Top of WORKING DATA

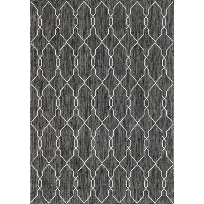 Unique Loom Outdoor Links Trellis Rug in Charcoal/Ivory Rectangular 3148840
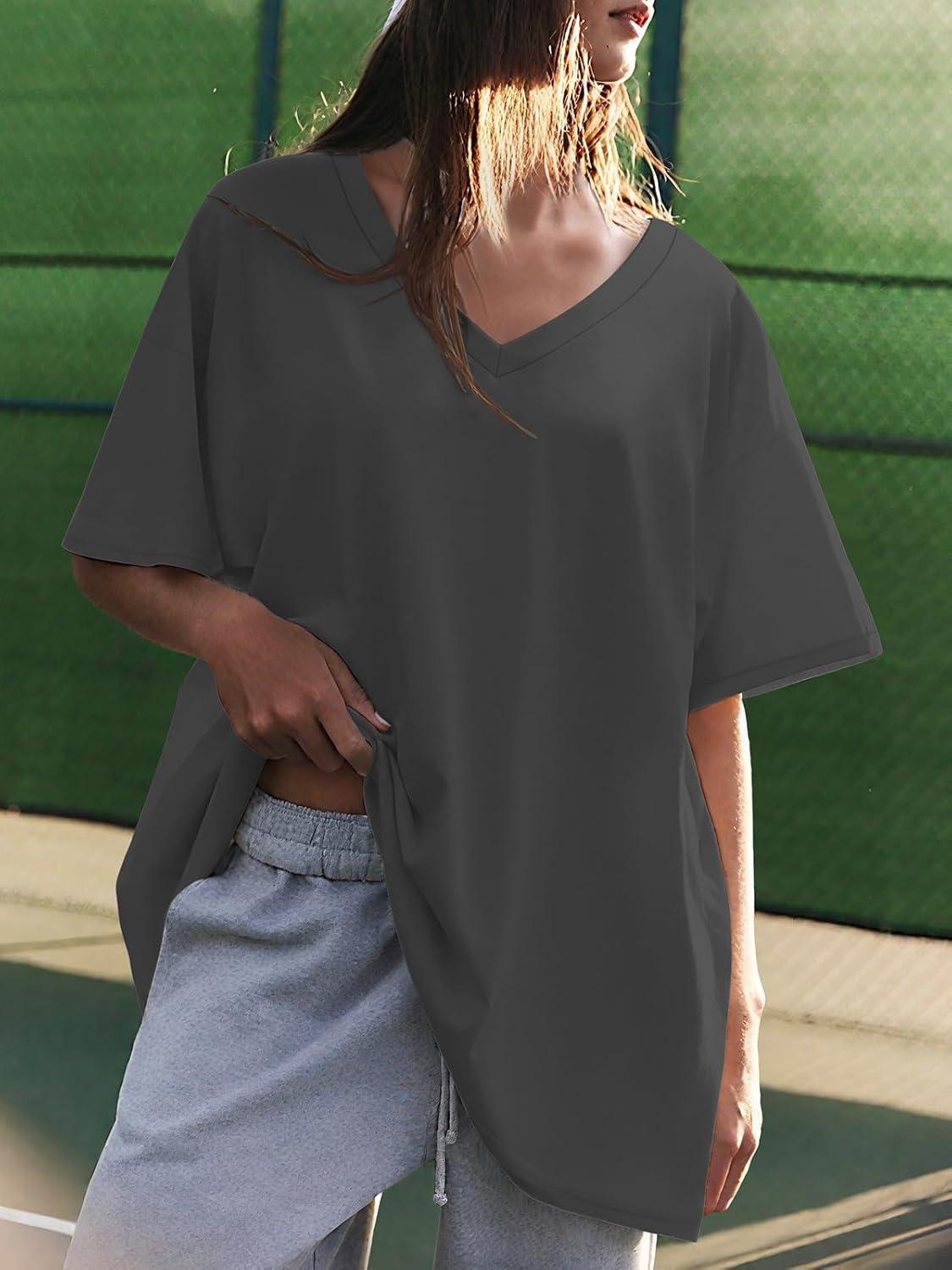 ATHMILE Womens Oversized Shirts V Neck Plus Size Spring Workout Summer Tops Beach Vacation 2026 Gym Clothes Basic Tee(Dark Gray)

Bottom of WORKING DATA
Top of WORKING DATA

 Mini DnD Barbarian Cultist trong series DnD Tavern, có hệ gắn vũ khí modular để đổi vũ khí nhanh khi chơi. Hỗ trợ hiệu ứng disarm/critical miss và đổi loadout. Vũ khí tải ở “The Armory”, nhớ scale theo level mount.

Bottom of WORKING DATA

### INSTRUCTIONS TO FOLLOW
Starting with the line above that holds "Unique Loom Outdoor", restate each line word for word up to and including the line that holds "ATHMILE Womens Oversized". Drop the pictures.

### SOLUTION FOR THIS PROBLEM
 Unique Loom Outdoor Links Trellis Rug in Charcoal/Ivory Rectangular 3148840
 ATHMILE Womens Oversized Shirts V Neck Plus Size Spring Workout Summer Tops Beach Vacation 2026 Gym Clothes Basic Tee(Dark Gray)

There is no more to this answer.